### [Given records]
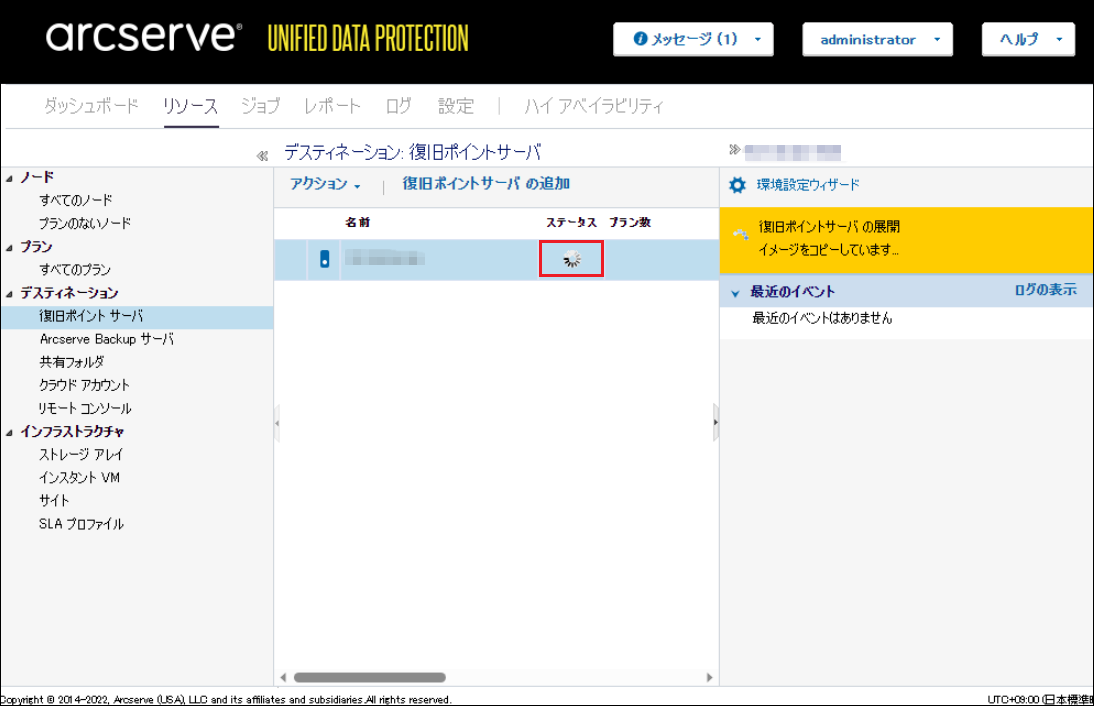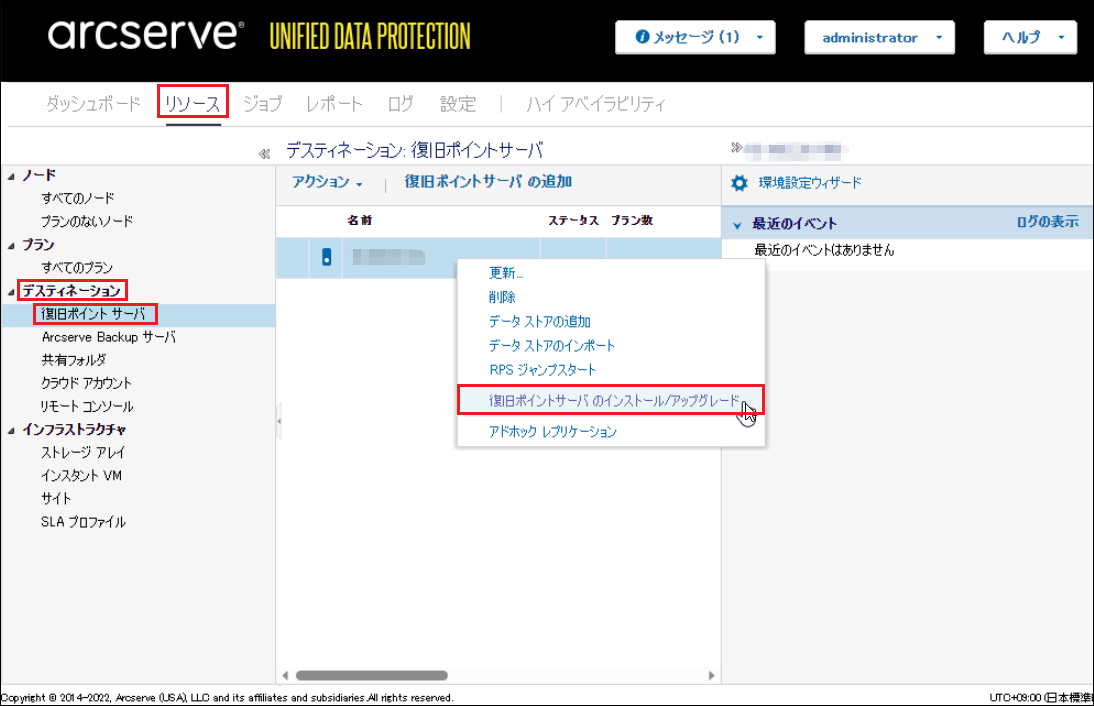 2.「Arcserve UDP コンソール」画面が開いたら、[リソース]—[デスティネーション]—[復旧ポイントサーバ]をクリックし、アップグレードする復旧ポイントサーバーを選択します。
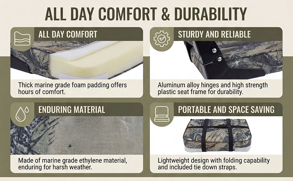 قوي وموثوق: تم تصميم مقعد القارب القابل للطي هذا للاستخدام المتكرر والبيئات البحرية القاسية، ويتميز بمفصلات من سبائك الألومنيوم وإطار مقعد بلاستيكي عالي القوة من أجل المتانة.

==

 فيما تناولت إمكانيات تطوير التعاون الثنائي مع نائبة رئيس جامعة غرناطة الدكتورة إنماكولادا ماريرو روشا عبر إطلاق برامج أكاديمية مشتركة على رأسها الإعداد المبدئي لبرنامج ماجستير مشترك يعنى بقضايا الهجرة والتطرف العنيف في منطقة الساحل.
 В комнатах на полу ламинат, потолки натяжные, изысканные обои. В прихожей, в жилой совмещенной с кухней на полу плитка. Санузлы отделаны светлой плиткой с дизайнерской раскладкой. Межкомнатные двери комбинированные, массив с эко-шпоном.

--

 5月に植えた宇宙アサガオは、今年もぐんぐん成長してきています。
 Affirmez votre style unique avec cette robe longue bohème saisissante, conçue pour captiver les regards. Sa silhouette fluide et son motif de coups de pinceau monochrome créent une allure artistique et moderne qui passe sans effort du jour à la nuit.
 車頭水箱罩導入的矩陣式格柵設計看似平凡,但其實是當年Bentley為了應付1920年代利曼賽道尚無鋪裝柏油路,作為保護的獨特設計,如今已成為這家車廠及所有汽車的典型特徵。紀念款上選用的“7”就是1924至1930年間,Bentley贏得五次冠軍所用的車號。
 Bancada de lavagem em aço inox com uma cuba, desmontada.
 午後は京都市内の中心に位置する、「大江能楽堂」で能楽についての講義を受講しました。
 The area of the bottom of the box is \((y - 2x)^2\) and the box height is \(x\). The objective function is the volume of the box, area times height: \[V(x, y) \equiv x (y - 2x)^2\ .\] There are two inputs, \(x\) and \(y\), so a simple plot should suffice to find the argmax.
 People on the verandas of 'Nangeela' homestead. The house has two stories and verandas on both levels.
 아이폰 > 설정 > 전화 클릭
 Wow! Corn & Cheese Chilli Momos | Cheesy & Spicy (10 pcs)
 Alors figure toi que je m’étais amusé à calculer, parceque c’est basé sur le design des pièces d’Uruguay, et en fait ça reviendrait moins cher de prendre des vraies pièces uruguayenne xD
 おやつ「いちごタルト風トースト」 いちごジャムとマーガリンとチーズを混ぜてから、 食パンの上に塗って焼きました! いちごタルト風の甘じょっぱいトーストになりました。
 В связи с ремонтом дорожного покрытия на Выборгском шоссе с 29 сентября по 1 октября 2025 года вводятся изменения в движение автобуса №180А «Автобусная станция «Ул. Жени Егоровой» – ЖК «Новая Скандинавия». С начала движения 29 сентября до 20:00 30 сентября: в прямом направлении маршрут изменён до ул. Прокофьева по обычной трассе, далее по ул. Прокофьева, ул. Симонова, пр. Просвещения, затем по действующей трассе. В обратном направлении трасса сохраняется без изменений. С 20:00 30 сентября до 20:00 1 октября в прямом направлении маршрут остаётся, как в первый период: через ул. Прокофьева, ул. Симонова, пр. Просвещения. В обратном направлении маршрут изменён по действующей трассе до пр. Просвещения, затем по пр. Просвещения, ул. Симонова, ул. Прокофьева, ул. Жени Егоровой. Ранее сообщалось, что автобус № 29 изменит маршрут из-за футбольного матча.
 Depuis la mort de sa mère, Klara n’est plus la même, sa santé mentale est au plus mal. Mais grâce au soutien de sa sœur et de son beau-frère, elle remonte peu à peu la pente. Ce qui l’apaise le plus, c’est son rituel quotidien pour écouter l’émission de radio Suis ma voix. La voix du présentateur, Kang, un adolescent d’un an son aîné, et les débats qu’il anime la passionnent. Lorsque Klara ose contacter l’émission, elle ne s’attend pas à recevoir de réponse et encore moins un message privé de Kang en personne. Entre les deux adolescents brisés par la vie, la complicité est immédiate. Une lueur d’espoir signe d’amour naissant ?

### [What you will do]
Return, word for word, the lines of the data above from the line with "Affirmez votre style" through the line with "午後は京都市内の中心に位置す", inclusive.

### [Task response]
 Affirmez votre style unique avec cette robe longue bohème saisissante, conçue pour captiver les regards. Sa silhouette fluide et son motif de coups de pinceau monochrome créent une allure artistique et moderne qui passe sans effort du jour à la nuit.
 車頭水箱罩導入的矩陣式格柵設計看似平凡,但其實是當年Bentley為了應付1920年代利曼賽道尚無鋪裝柏油路,作為保護的獨特設計,如今已成為這家車廠及所有汽車的典型特徵。紀念款上選用的“7”就是1924至1930年間,Bentley贏得五次冠軍所用的車號。
 Bancada de lavagem em aço inox com uma cuba, desmontada.
 午後は京都市内の中心に位置する、「大江能楽堂」で能楽についての講義を受講しました。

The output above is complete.